Monday, November 22, 2010

Gamma and Lighting Part 3: Errata

A few other random notes for working with lighting in linear space...

Light Accumulation

In order to get correct lighting, lights need to be accumulated (that is, the contribution of each light to any given pixel) in linear space. There are three ways to do this safely:
  1. Accumulate all lights in a single pass. The sum happens in your shader (which must calculate each light's contribution and add them). This is typical of a traditional one-pass forward renderer, and is straight forward to convert to linear space. The lighting calculation is done linearly in shader, converted to something with gamma, then written to an 8-bit framebuffer.

    Clamping and exposure control are up to you and can happen in-shader while you are in floating point.

  2. Multi-pass with sRGB_framebuffer. If you want to accumulate lights by blending (e.g. using blending to add more "light" into the framebuffer and your framebuffer is 24-bit RGB, you'll need the sRGB_framebuffer extension. This will cause OpenGL to not only accept linear fragments from you, but the blending addition will happen in linear space too.

    In this case, exposure control is tricky; you don't want to saturate your framebuffer, but no one lighting pass knows the total exposure.
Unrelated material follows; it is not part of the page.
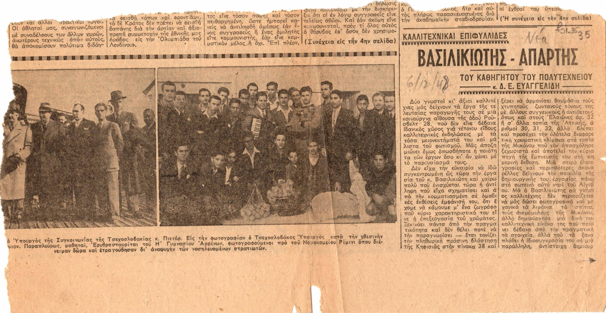 Απόκομμα, χαρτί διπλής όψης, 15×30εκ, στα ελληνικά, δημοσίευσης κριτικής που εντάσσεται στη στήλη “Καλλιτεχνικαί επιφυλλίδες” για τους Αρ. Βασιλικιώτη και Θαν. Απάρτη, με αφορμή εκθέσεις τους.
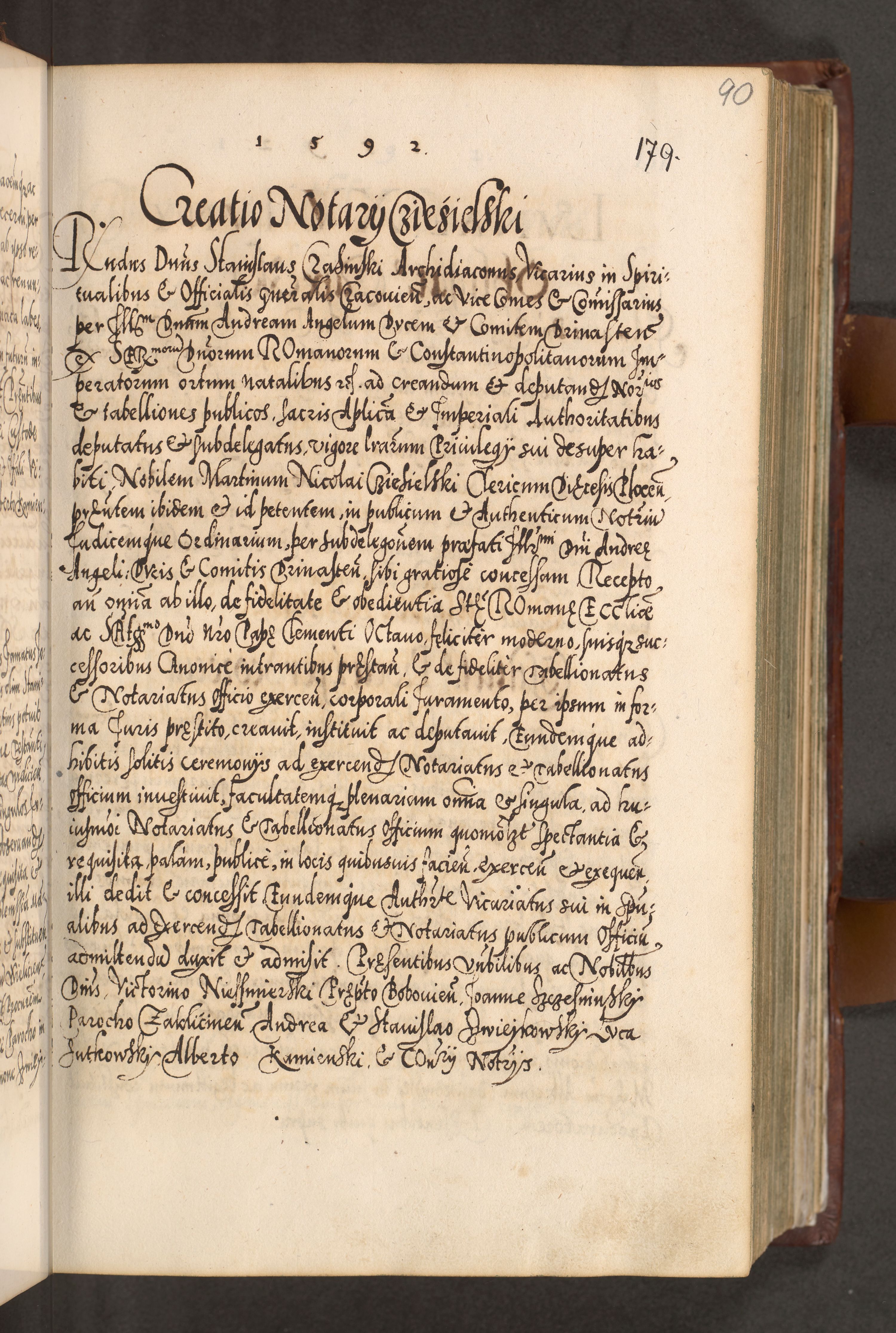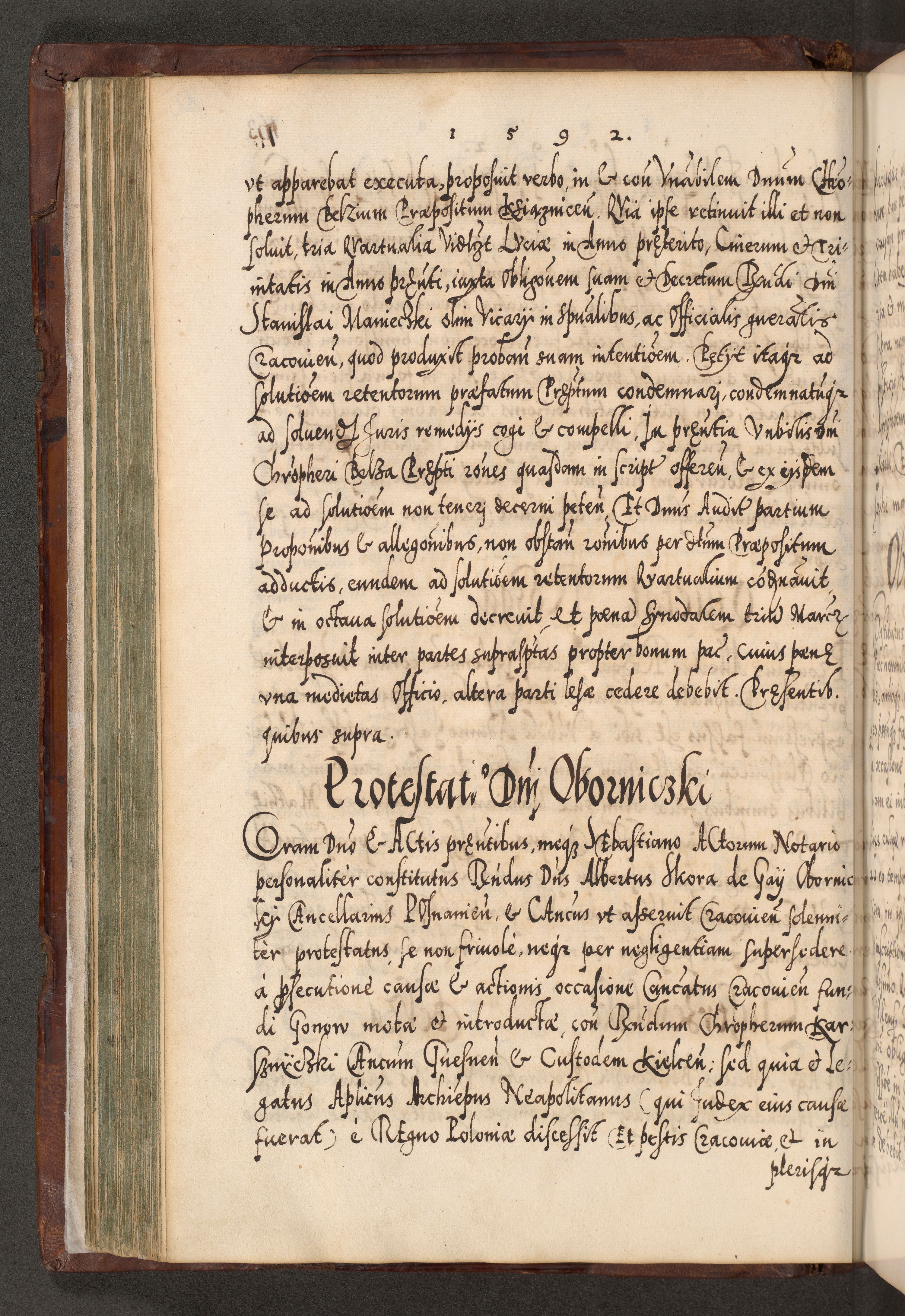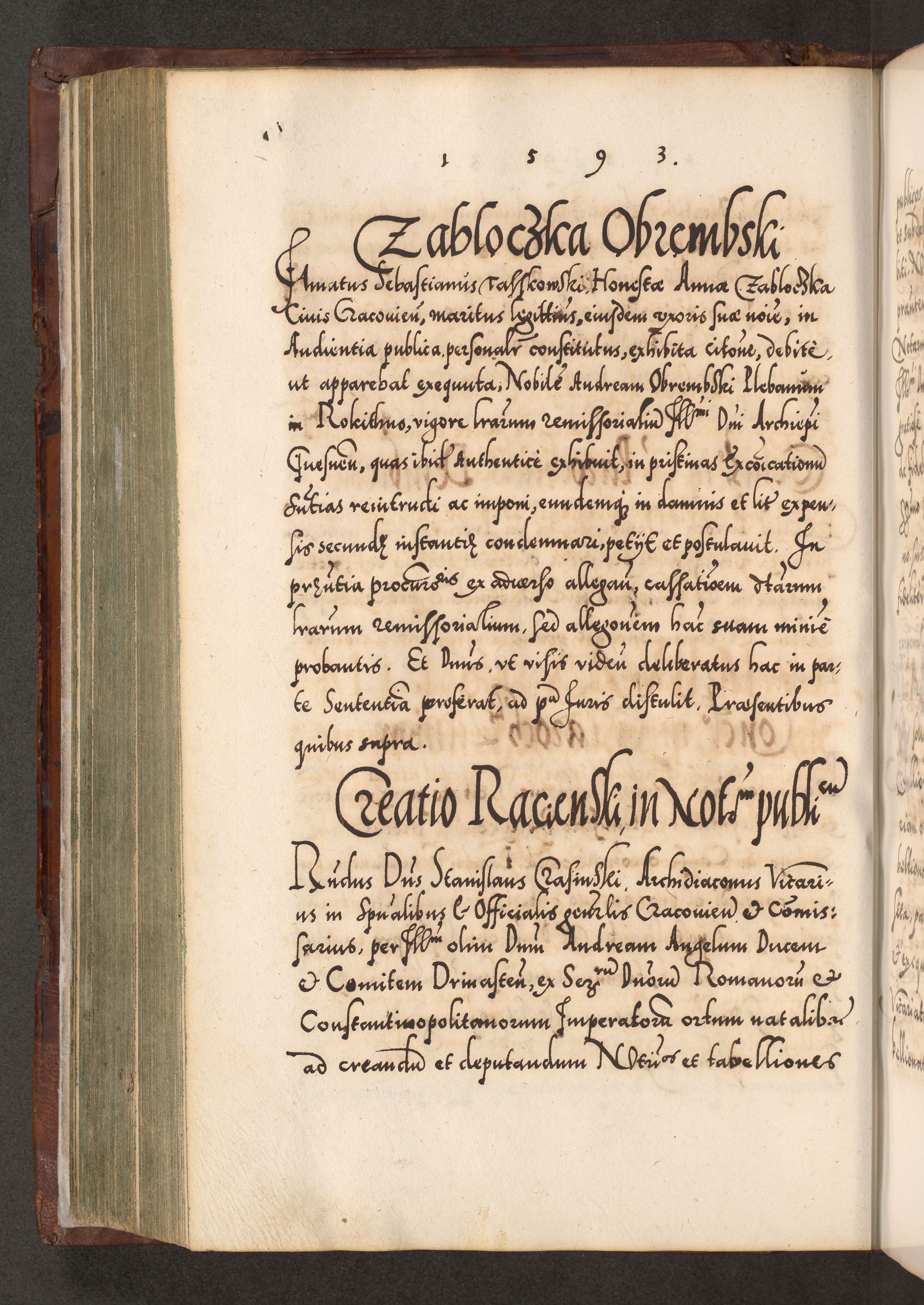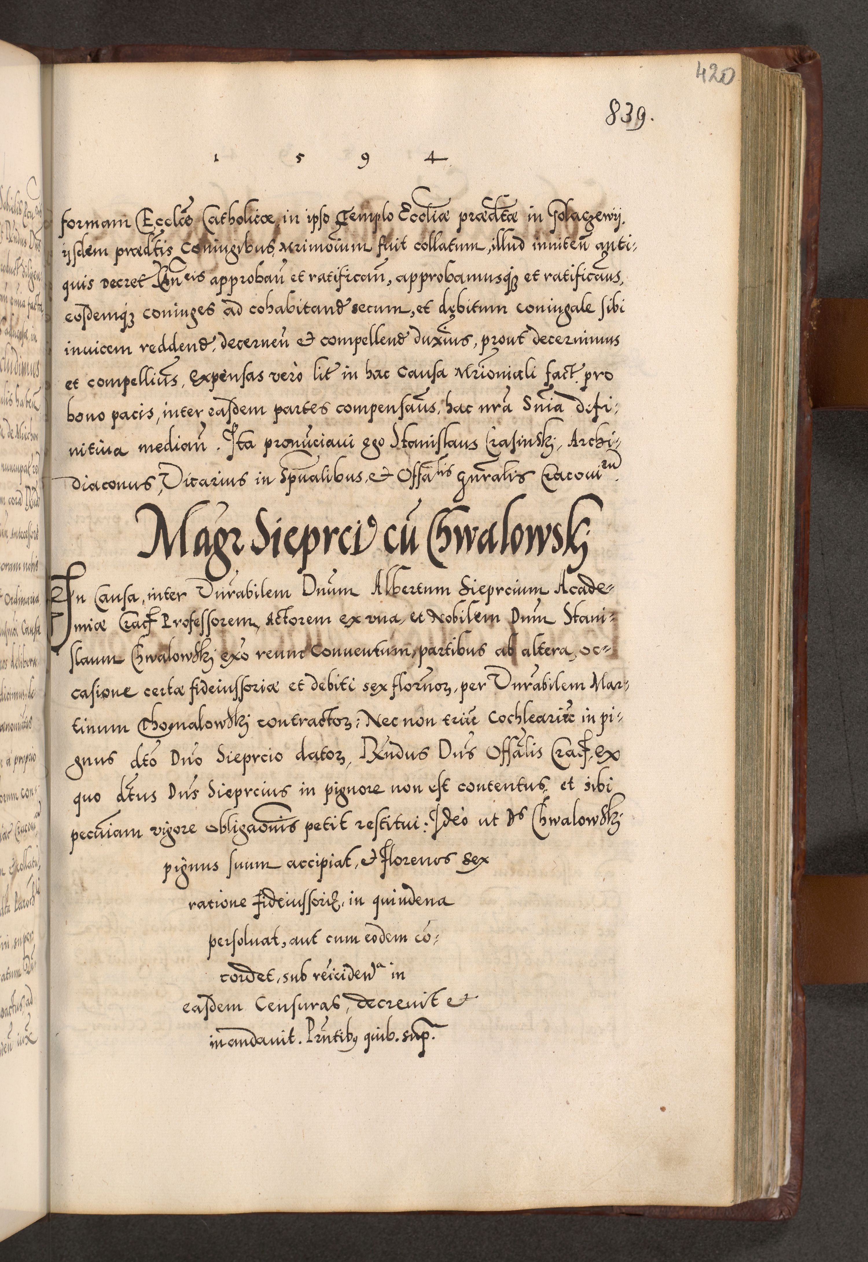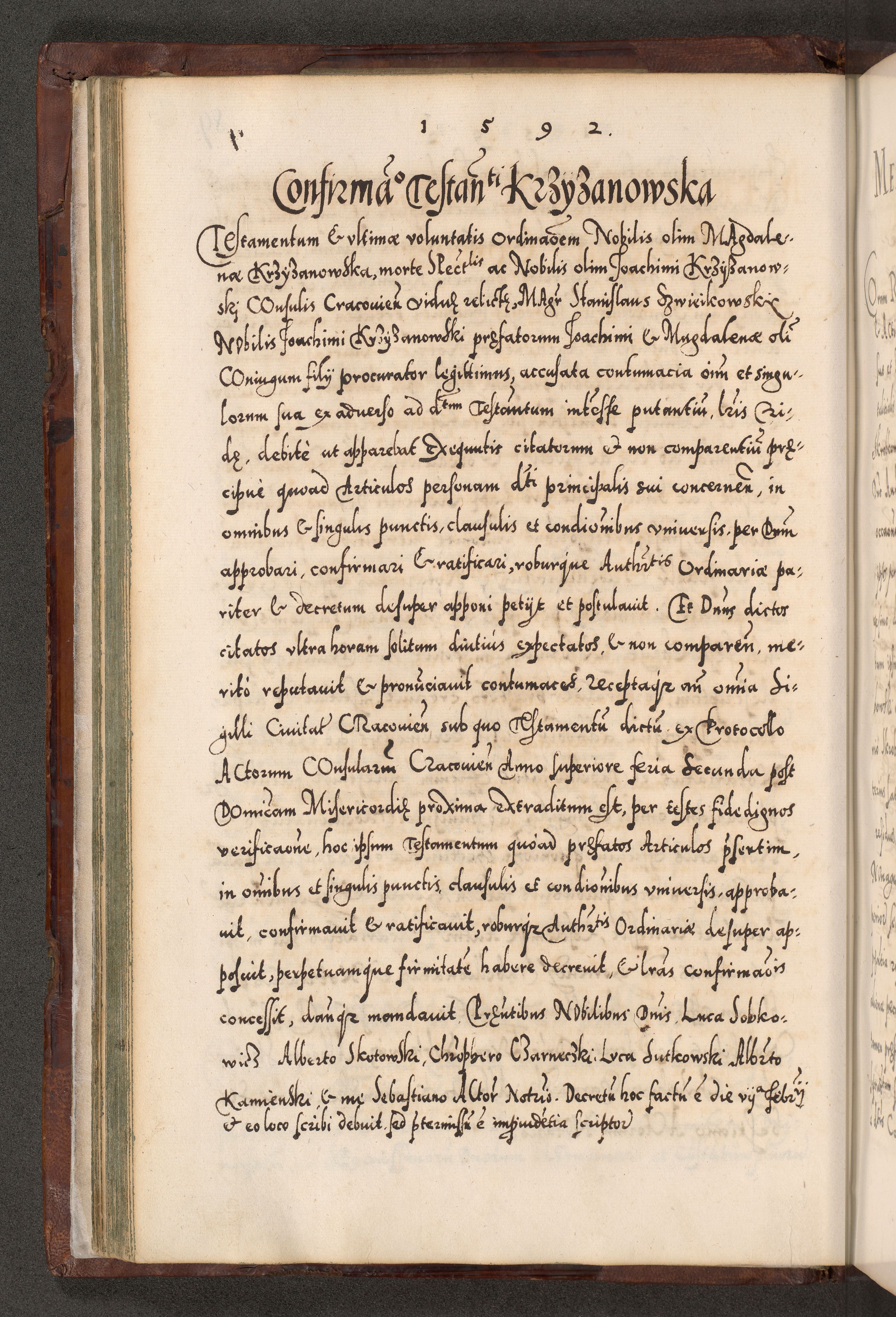 Illistrissimo et revedissimo in Christo Patre Domino Domino Georgio Rzadziwił Miserone Divina Sacrostae R. E. Tituli S. Sixti Presbitero Cardinali Duce in Olyka et Niesswiesz ad Gubernacula Ecclessiae Cracoviensis cuius administratorialem a Sancta Sede Apostolica obtinverat feliciter sedente. Acta actorum, causarum, sententiarum tam deffinitivarum quam interloquutoriarum decretorum, obligationum, quietationum, recognitionum, constitutionum procuratorum etc. coram Reverendo Domino Stanislao Crassinskz de Crasne Archidiacono Cracoviensis, Scholastico Gnesnesis, Custode Plocensis etc. Vicario et Officiali Generali Cracoviensi in Ano Domini Millesimo Quingentesimo Nonagesimo Primo cuius indictio quarta pontificatus SS. Domini Nostri Gregorii XIIII Anno I psius prio feliciter incipiut

You'll have to set your exposure so that the conversion to sRGB doesn't "clip".

  3. Multi-pass with an HDR framebuffer. The other option for accumulating light by blending is to use a floating point framebuffer. This configuration (like mutli-pass with sRGB) might be typical of a deferred renderer (or a stencil-shadow-volume solution).

    Unlike sRGB into a 24-bit framebuffer, this case doesn't have a clipping problem, because you can write linear vlaues into the floating point framebuffer. You do need to "mix down" the floating point framebuffer back to sRGB later.

What you cannot do is convert back to sRGB in your shader and then use regular blending. Doing so will add lights in sRGB space, which is incorrect and will lead to blown out or clipped lights wherever they overlap.

What Color Space Is The Mac Framebuffer?

On OS X 10.5 and older, your framebuffer will have the color profile of the device, at least as far as I can tell. This probably means that the effective gamma is 1.8 (since the OS's color management should adjust the LUT enough to achieve this net result).

On OS X 10.6 every window has its own color profile, and the window manager color-converts as needed to get correct output on multiple devices. Edit: By default you get the monitor's default color profile, but you can use HIWindowSetColorSpace to change what color profile you work in.